In short, 68.2% of the observations of a variable following the patterns of a normal distribution will fall within one standard deviation of the mean. That is if you subtract the standard deviation for a variable from the mean for that variable, 34.1% of your observations ought to be higher than that number but lower than the mean. Then, if you add the standard deviation for a variable to the mean for that variable, an additional 34.1% of your observations ought to be lower than that number but higher than the mean. In turn, all of this means that there is a 68.2% probability that an observation will fall between the numbers that you’ve just calculated.
If you go out 2 standard deviations from the mean, your chances get even higher that an observation falls within that range. You can see from the image that it’s an additional 13.6% in each direction. Multiply that by two and add it to the 68.2% from above, and you’ll get about 95%. There’s a 95% probability that an observation falls within that range.

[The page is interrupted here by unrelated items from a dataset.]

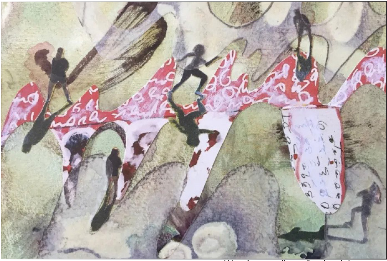
Weeping may linger for the night, but joy comes with the morning. Psalm 30:5
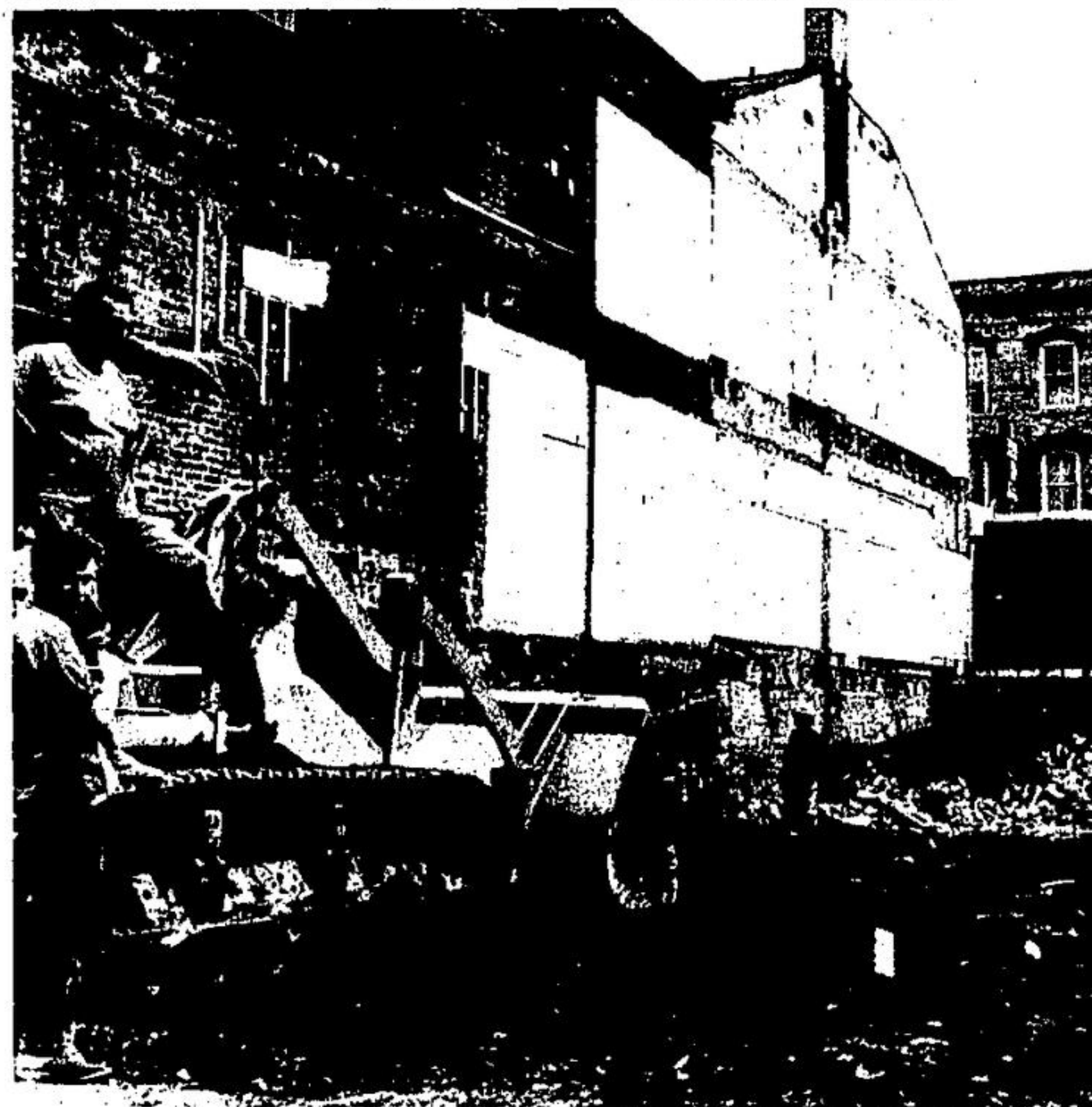
Royal Bank will locate in building that will rise here.

has just been only commenced valued at $1,000,000.
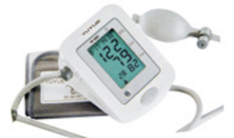
Digital Blood Pressure Monitor
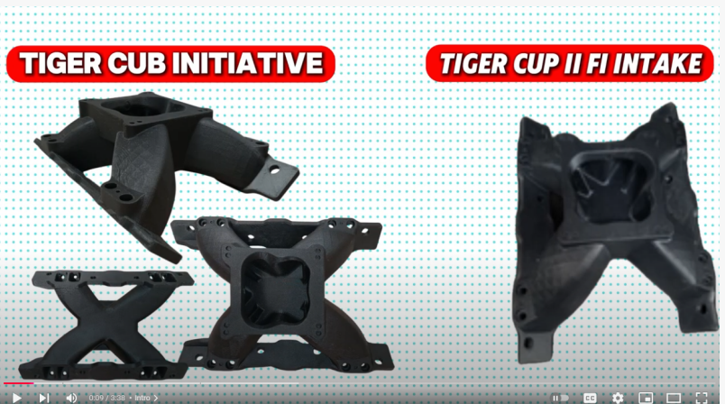
New Parts Unveiled
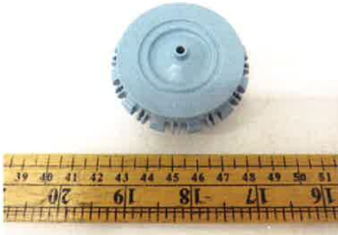
LaQ HAMACRON CONSTRUCTOR WHEEL
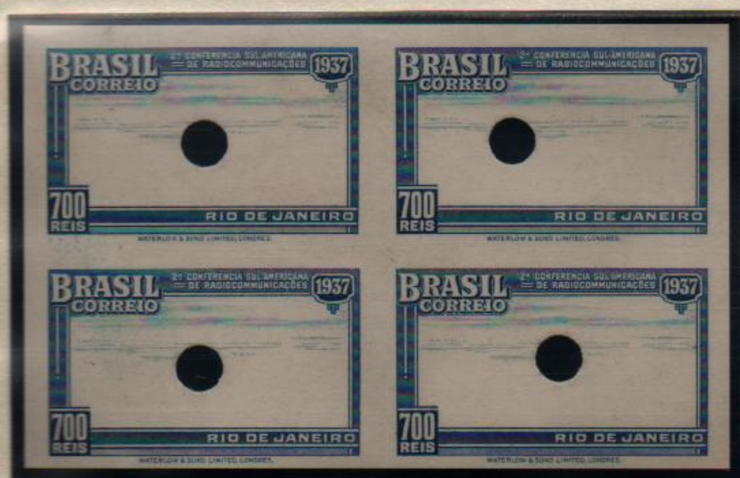
Partial proofs of frame only, no perforations, with security punches.

The normal distribution is important to understand because so much of statistics relies on these concepts. In fact, it’s customary for data scientists—and researchers of all kinds—to assume that a variable is normally distributed when we’re working with it. However, it’s also important to understand that as common as a normal distribution is for all kinds of variables, it’s not always how variables work. Just like we glossed over some theory earlier, we’re largely going to gloss over the importance of testing variables for normal distributions and alternate approaches to statistical analyses when the assumption of a normal distribution doesn’t hold up. That doesn’t mean these things aren’t important—they’re incredibly important! It’s just another thing that we don’t have time to cover because data science involves so dang much. Once again, if you continue down a data science path, it’s very important to dig deeper into what I’m glossing over here.
34.7 Conclusion
A lot of this reading is dedicated to setting the groundwork for future concepts, so if it’s not obvious how things fit together right now, that’s okay! What you ought to take away from this reading for now is: 1) that data scientists nearly always work with samples instead of populations, 2) that larger, representative samples better approximate populations than smaller, non-representative samples, and 3) with a larger sample (one with more observations), we can get a pretty good feel for what the probability of a given result is.
Furthermore, like some other recent readings, our walkthrough for this week is going to cover sampling again, though not necessarily all of the details that we’ve covered here. This is less about being redundant as it is about covering an important concept multiple times from multiple angles.